Et pour témoigner de l'importance stratégique, à la fois politique et économique, attribuée par l'Occident au bassin de la Mer Noire et aux autorités régionales appelées à le surveiller, voilà que trois navires de l'OTAN ont traversé le détroit des Dardanelles : le canadien Winnipeg, l'espagnol Blas de Lezo et le portugais Francisco De Almeida.

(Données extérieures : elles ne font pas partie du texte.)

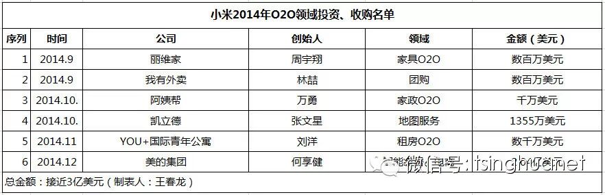 2014年O2O领域很难看到小米的身影,你们以为它忽视了么?其实长袖善舞的雷布斯,是在用旗下的顺为资本扮演VC的角色,专门做投资。我们熟悉的顺为资本在小米多轮融资下扮演了重要角色,但其实在O2O行业,雷军也依靠顺为投资了很多O2O初创公司。
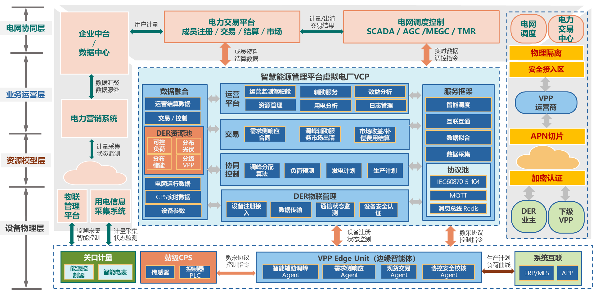 虛擬電廠運(yùn)營(yíng)平臺(tái)聚合分布式能源和需求側(cè)資源參與電網(wǎng)運(yùn)行,將分布式發(fā)電DG、分布式儲(chǔ)能設(shè)施和可控負(fù)荷有機(jī)結(jié)合,通過配套的調(diào)控技術(shù)、通信技術(shù)實(shí)現(xiàn)對(duì)分布式能源進(jìn)行聚合、優(yōu)化、協(xié)同控制的載體,以作為一個(gè)特殊電廠參與電力市場(chǎng)和電網(wǎng)運(yùn)行,可以看作是一種先進(jìn)的區(qū)域性電能集中管理模式,實(shí)現(xiàn)電源側(cè)的多能互補(bǔ)和負(fù)荷側(cè)的靈活互動(dòng),其核心在于“聚合”和“通信”。

Pour fermer le cercle, après que le ministère ukrainien des Affaires étrangères a protesté contre la visite de Vladimir Poutine en Crimée le 2 décembre dernier, non 'concordée' avec Kiev, qui considère la péninsule, avec Sébastopol, "partie intégrante de l'Ukraine", voilà l'écho immédiat d'Ankara, qui se déclare favorable à l'intégrité territoriale de l'Ukraine, y compris la Crimée. Une telle déclaration du ministre turc des Affaires étrangères Mevlut Cavusoglu est venue immédiatement après sa rencontre avec son homologue russe Sergei Lavrov : "La Turquie attend un respect cohérent de l'indépendance de l'Ukraine, de sa souveraineté, de son intégrité territoriale, incluant dans ce concept la Crimée." Dans ce débat musclé entre Moscou et Ankara, dans lequel cette dernière, après les preuves documentaires apportées par le ministère russe de la Défense sur les trafics de pétrole entre Daech et la Turquie, a à son tour accusé Moscou de commerce illégal de brut avec Daech, Lavrov a observé comment de telles "allégations arrivent de nombreux jours après que la question ait trouvé de l'espace dans les médias et nous, nous avons présenté les faits concrets." Lavrov s'est limité à citer le proverbe russe que "sur le voleur même le chapeau chauffe"; comme dire "la poule qui chante a pondu l'œuf."